▸ Dataset entries:
*** Block opens ***

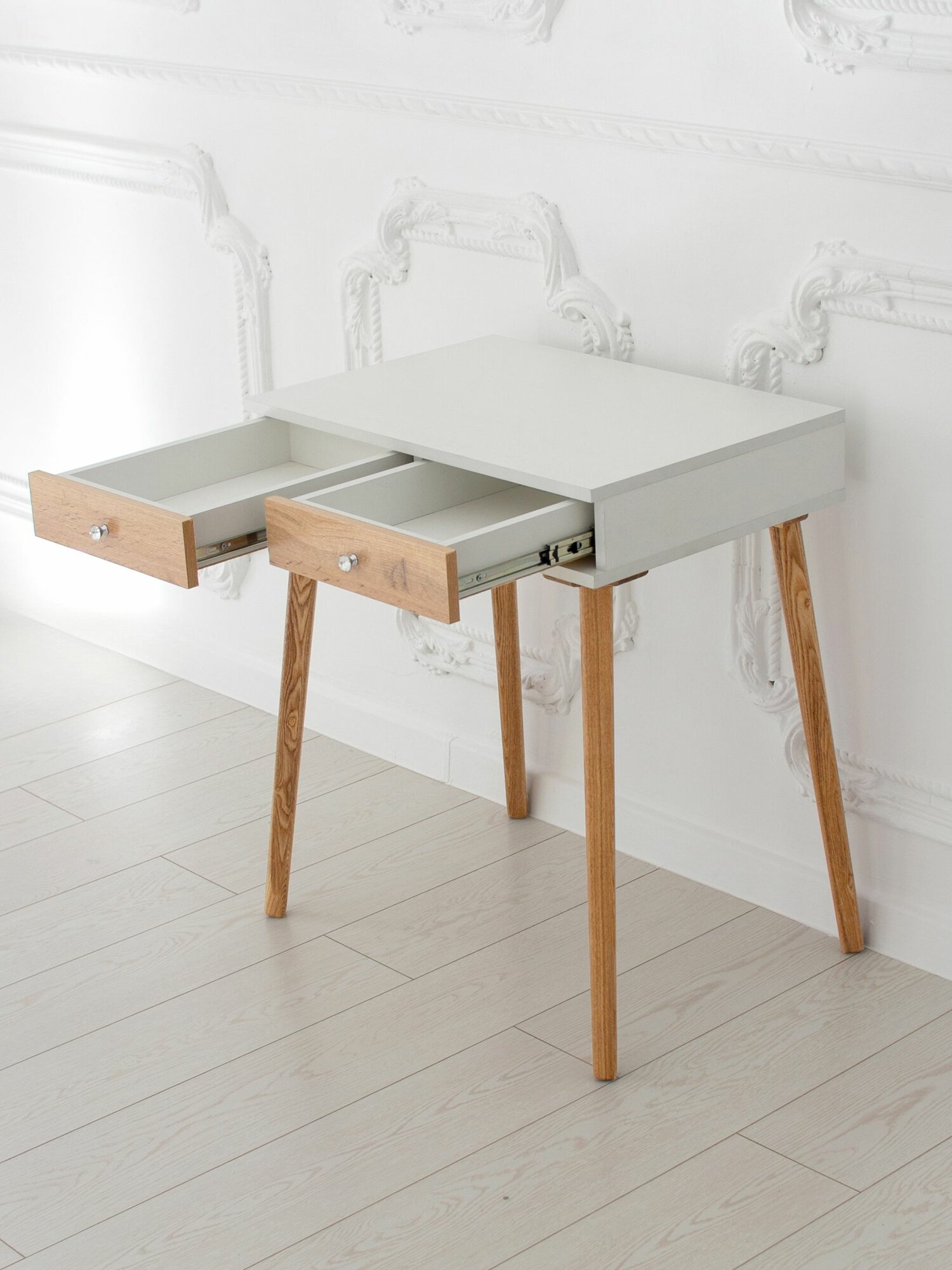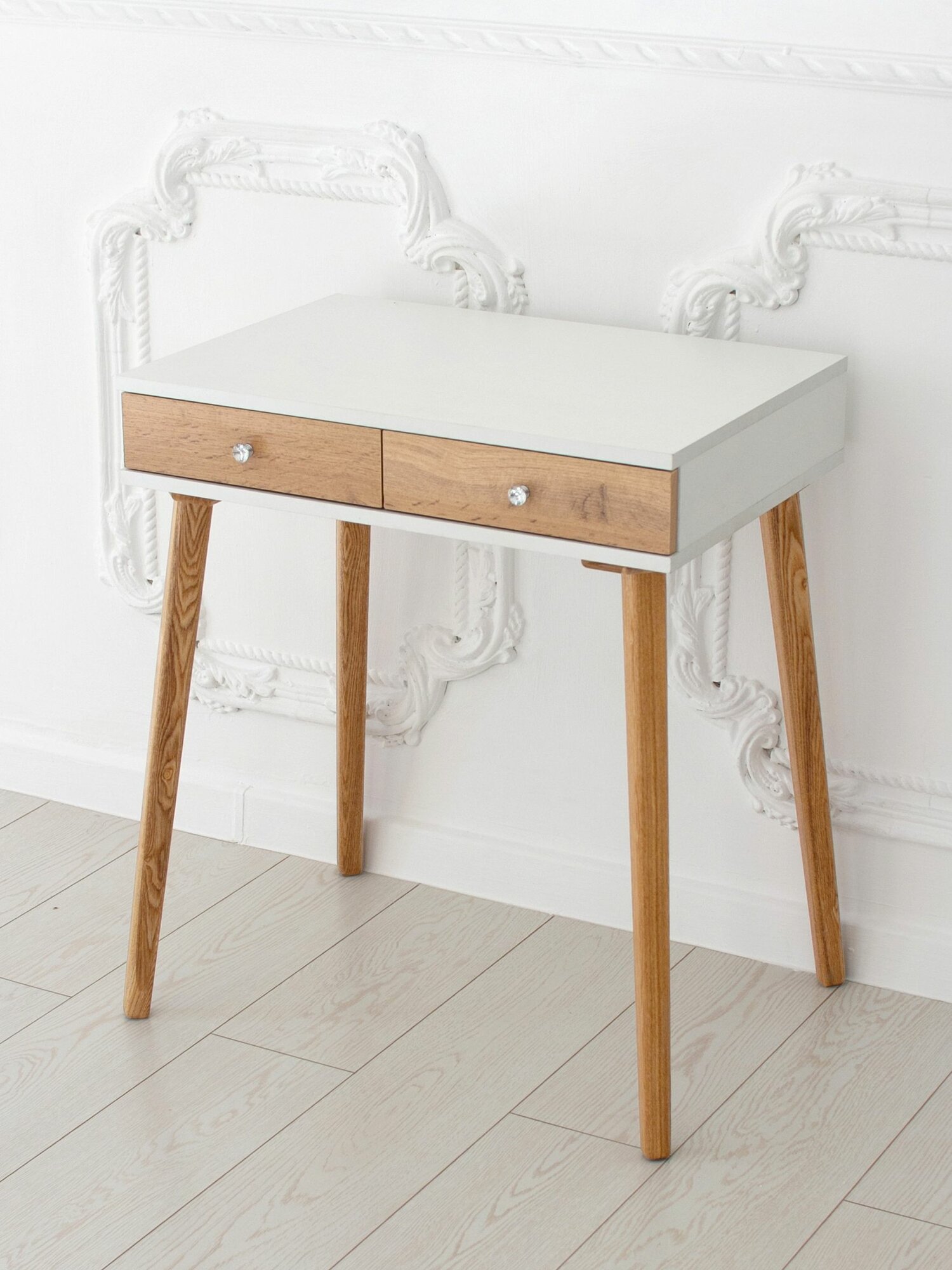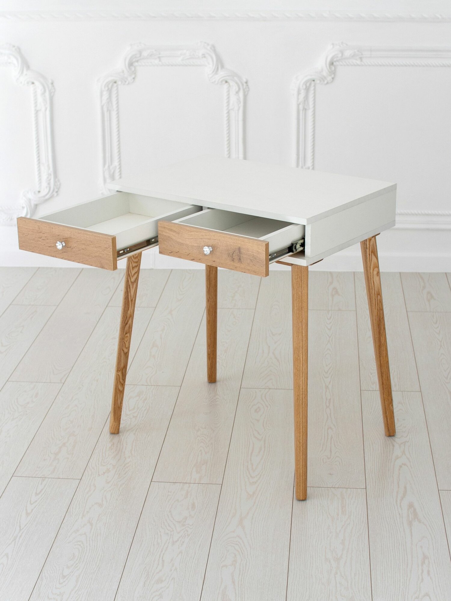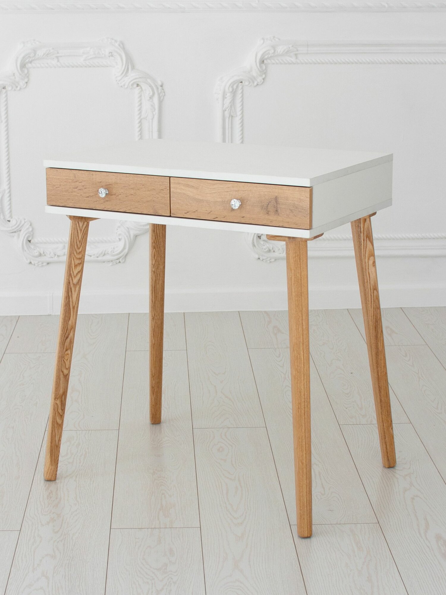 Туалетный столик с ящиком White на ножках из массива в цвете прозрачное масло
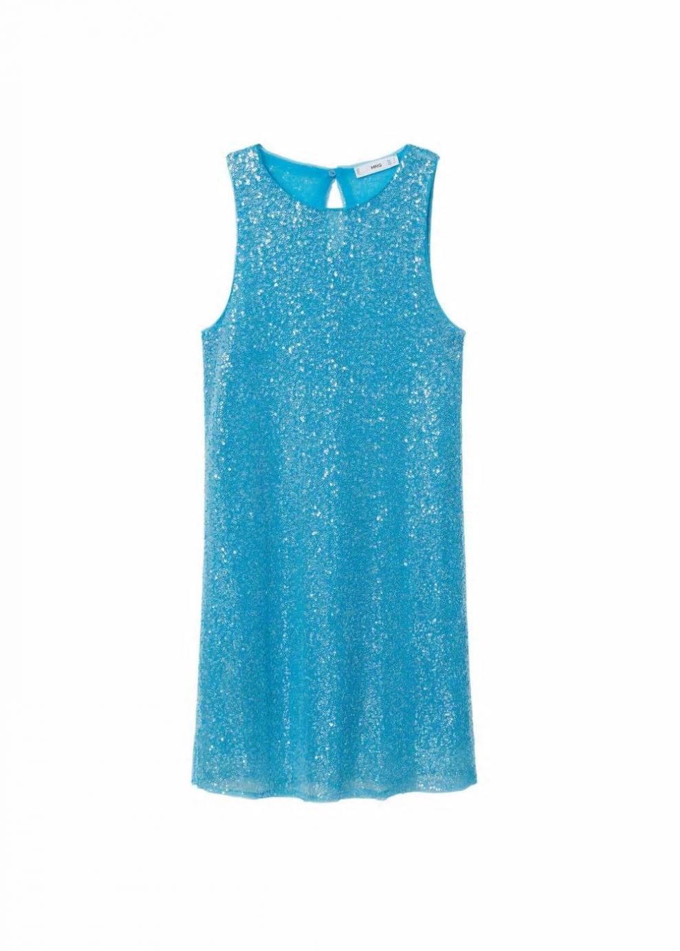 Mujer Vestido apliques lentejuelas Azul | Vestidos y monos Mango
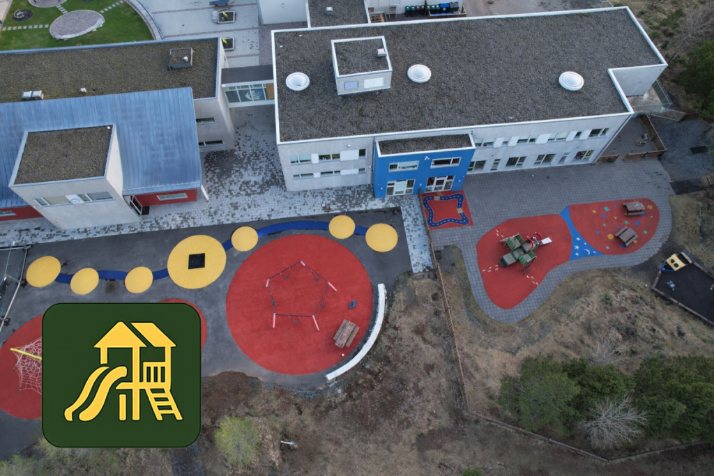 Við skólann er leiksvæði fyrir börn ásamt battavelli sem tryggir ótakmarkaða skemmtun.
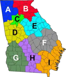 - Troop G - Includes the following counties: Baker, Calhoun, Chattahoochee, Clay, Colquitt, Decatur, Dougherty, Early, Grady, Lee, Marion, Miller, Mitchell, Quitman, Randolph, Schley, Seminole, Stewart, Sumter, Terrell, Thomas, Webster, Worth
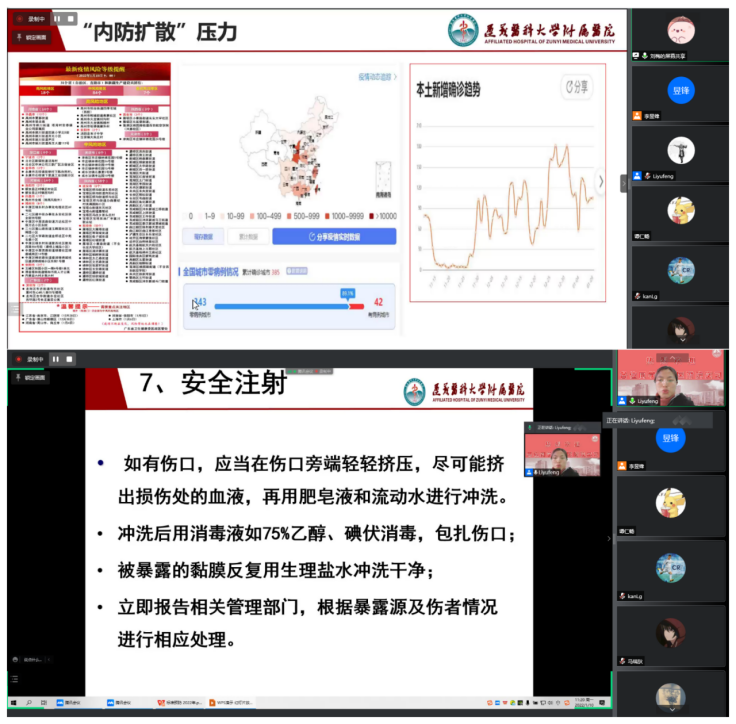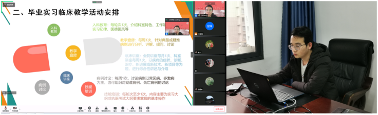 为进一步加强新进实习生的规范化管理,使实习生尽快适应从员工到实习医师的角色转换,太阳成tyc7111cc集团教务科于2022年1月10日借助直播平台,线上开展了2022年太阳成tyc7111cc集团附属医院实习生岗前培训活动。在遵医附院实习的2018级临床医学(卓越医师、普通临床、全科)、儿科学、麻醉学、医学影像学、口腔医学、法医学、预防医学、临床药学等专业实习生500余人在医院各个临床专科集中组织参加线上培训。
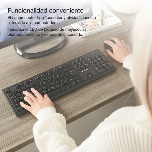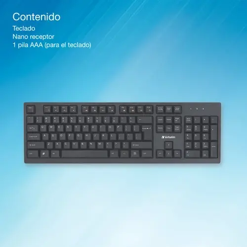 Teclado inalámbrico Verbatim slim receptor USB- 70738 Universalmente compatible Funciona para Windows, MacOS, Chrome OS, Linux Kernel 2.6 y versiones posteriores. Funcionalidad conveniente El nanoreceptor tipo "conectar y olvidar" conecta el teclado a la computadora Indicadores LED de bloqueo de mayúsculas, bloqueo numérico y estado de encendido. Diseño delgado ¡Un compañero ideal para tu PC! Patas inclinables ajustables para mayor comodidad y flexibilidad Rendimiento confiable Conexión inalámbrica de 2,4 GHz para un rendimiento sin retrasos Las teclas de acceso rápido proporcionan acceso instantáneo a los controles multimedia Contenido- Teclado- Nano receptor- 1 pila AAA (para el teclado)
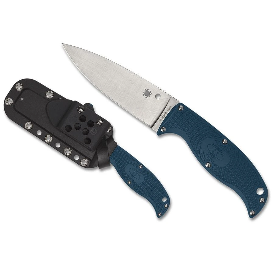 These characteristics are fully tapped by the Enuff 2’s full-flat-ground PlainEdge blade, which results in exceptional cutting performance. Its whole tang is skeletonized, and its strong, blue-injection-molded FRN scales are a signature feature of Spyderco’s K390 line of knives. This Enuff 2 incorporates an injection-molded polymer sheath with snap-fit retention and a supplementary leather retaining strap for convenience in carrying and quick access.

*** Block closes ***

Write out exactly the lines from the line that contains "Teclado inalámbrico Verbatim" through the end of the material, including both ends. No pictures belong in the copy.

 Teclado inalámbrico Verbatim slim receptor USB- 70738 Universalmente compatible Funciona para Windows, MacOS, Chrome OS, Linux Kernel 2.6 y versiones posteriores. Funcionalidad conveniente El nanoreceptor tipo "conectar y olvidar" conecta el teclado a la computadora Indicadores LED de bloqueo de mayúsculas, bloqueo numérico y estado de encendido. Diseño delgado ¡Un compañero ideal para tu PC! Patas inclinables ajustables para mayor comodidad y flexibilidad Rendimiento confiable Conexión inalámbrica de 2,4 GHz para un rendimiento sin retrasos Las teclas de acceso rápido proporcionan acceso instantáneo a los controles multimedia Contenido- Teclado- Nano receptor- 1 pila AAA (para el teclado)
 These characteristics are fully tapped by the Enuff 2’s full-flat-ground PlainEdge blade, which results in exceptional cutting performance. Its whole tang is skeletonized, and its strong, blue-injection-molded FRN scales are a signature feature of Spyderco’s K390 line of knives. This Enuff 2 incorporates an injection-molded polymer sheath with snap-fit retention and a supplementary leather retaining strap for convenience in carrying and quick access.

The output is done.